A New Jersey Transit train traverses the tracks in Penn Station.

In this Tuesday, July 25, 2017 file photo, a New Jersey Transit train traverses the tracks in New York's Penn Station. | Richard Drew, File/AP

Facing an unprecedented fiscal and health crisis, Northeast transit leaders have been among those hoping for a Joe Biden victory after years of short shrift at the hands of the Trump administration and months of uncertainty about the future of mass transit.

Biden, whose victory over Trump was called Saturday, is widely seen as a boon for mass transit in the Northeast. Nicknamed “Amtrak Joe” for his frequent trips on the Northeast corridor, the president-elect is an avid supporter of expanding rail and made it a focal point of his presidential platform.

But how much relief transit leaders should expect and how fast it will come is still anyone’s guess.

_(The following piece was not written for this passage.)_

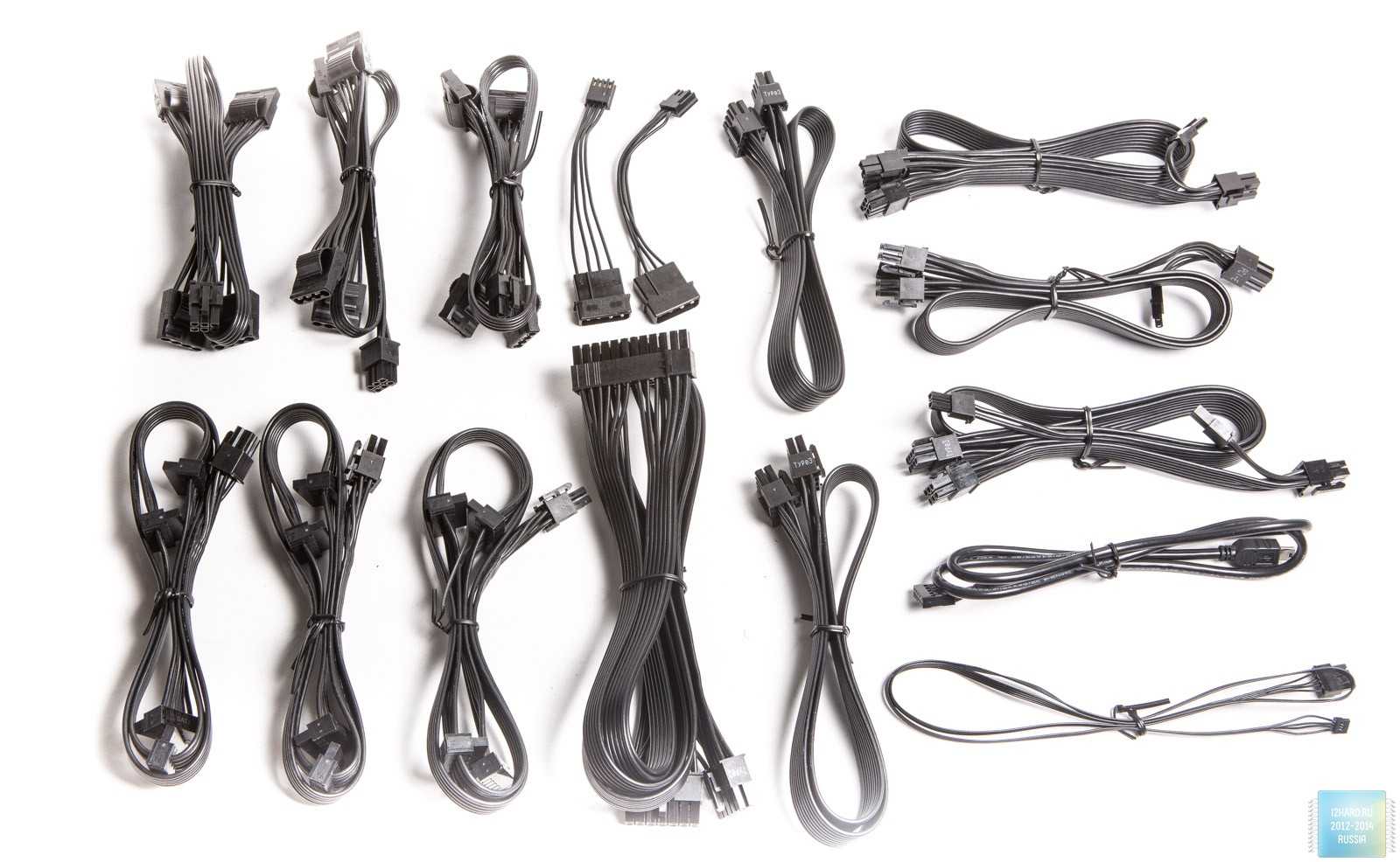 Блок питания Corsair HX1000i имеет полностью модульную систему подключения кабелей, в целом она нам понравилась. Кроме подсоединяемого кабеля ATX вы получите два 8-контактных кабеля EPS, один из которых длиннее обычного. Также есть возможность подключить до восьми коннекторов PCI Express, 12 SATA и 12 Molex, причём одновременно.

“There’s definitely reason for more of an optimistic feeling about what can start moving,” said Renae Reynolds, transportation planner for the New York City Environmental Justice Alliance. “The more sobering component is what happens in Congress and [if] that body becomes an ally and overcomes the barriers of partisanship.”

While Trump made infrastructure a rhetorical focal point of his 2016 platform, the needs of mass transit systems in the region have largely been left by the wayside.

The Gateway Program — a massive effort to repair the Northeast Corridor’s dilapidated tunnels — has been long stalled due to a lack of federal funding. A congestion pricing scheme that would generate much-needed revenue for New York’s Metropolitan Transportation Authority has also been delayed by inaction from the Trump administration. And key upgrades to Port Authority facilities remain in the limbo of fiscal malaise caused by the pandemic.

Transit experts interviewed by POLITICO widely agreed these and other major infrastructure projects are poised to move forward under Biden.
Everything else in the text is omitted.